Distinguished by Unmatched Interdisciplinary Collaboration
Our world-renowned interdisciplinary clinical, diagnostic and therapeutic subspecialists, physician-scientists and scientists from the departments of Neuroscience, Neurology, Neurosurgery, Psychiatry and Behavioral Sciences, Neuroradiology and Rehabilitation Medicine, and a spectrum of basic science disciplines including genomics, stem cell biology, systems and computational/AI biology, bioengineering, developmental biology, biochemistry and structural biology approach neuroscience through a wide and diverse lens of expertise and remain at the forefront of research, offering patients life-changing solutions to protect, preserve and restore neurological function and enhance brain resilience.

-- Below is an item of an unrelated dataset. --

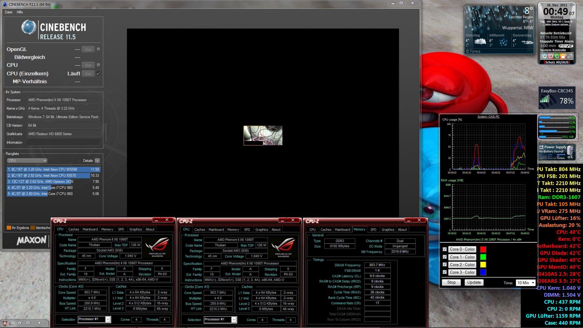 Intel ist 50% pro Kern (bzw. hier pro je 2 Kerne) schneller. Selbst in Anwendungen die alle kerne Nutzen und so zu 100% ausgelastet sind, ist der BD mit 6 Kernen langsamer als ein i5-2400/2500 mit nur 4 Kernen. Das Ding ist wirklich nur die absolute Notlösung und zieht Leute an, die sich von den Eckdaten (6- Kerne, hohe Frequenzen) blenden lassen. Es gibt im Heimbereich keinen vernünftigen Grund für die FX-Prozessoren im Vergleich zu gleichteuren Sandy Brdige-Prozessoren. Namen wie Faildozer machen nicht umsonst die Runde.Das Sys wird net zum Zocken gebraucht, erweitert mal euren Horizont - gibt Leute dir Arbeiten auch an einem PC.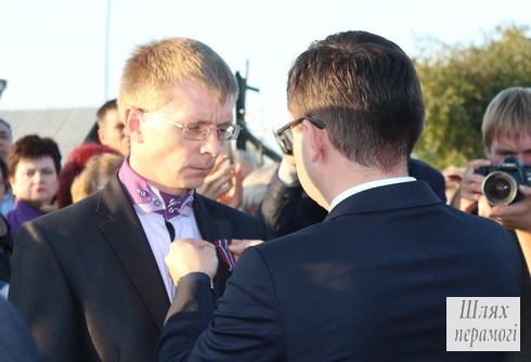 Хотите узнать больше? Посол Республики Польша в Беларуси Конрад Павлик награждает медалью «Pro Patria» вилейчанина Дениса Канецкого. Фото с сайта peramoga.by Посол

Our collaborative interdisciplinary research and discoveries of the nervous system have led to notable groundbreaking discoveries, some of which include that the peripheral nervous system gives rise to cancer and metastases and the brain is the seat of longevity and the key player in regulating whole-body energy metabolism.
Stopping Neurological Disease Before It Starts
Leaders in the Science of Neurological Care
At the Saul R. Korey Department of Neurology, we are committed to finding new and innovative options to prevent, diagnose, treat and cure neurologic diseases.
We are spearheading numerous clinical trials to advance treatments and receive notable NIH-funded grants for the study of a wide range of neurological diseases including Alzheimer’s, Huntington’s diseases and other degenerative dementias, traumatic brain injury/concussive syndromes, epilepsy, migraine/headache/facial pain, sleep-wake disorders and chronobiology, pediatric communication disorders, pediatric neuromuscular disorders, Multiple Sclerosis and neuroimmunology, as well as research that examines novel ways to restore brain function and studies that target the effects of COVID-19 on the brain in those with mild or asymptomatic infection.
Our Einstein Aging Study and our Division of Cognitive and Motor Aging have been cornerstones of our aging research focus and continue to represent national and international resources for collaborative research that extends beyond Montefiore Einstein.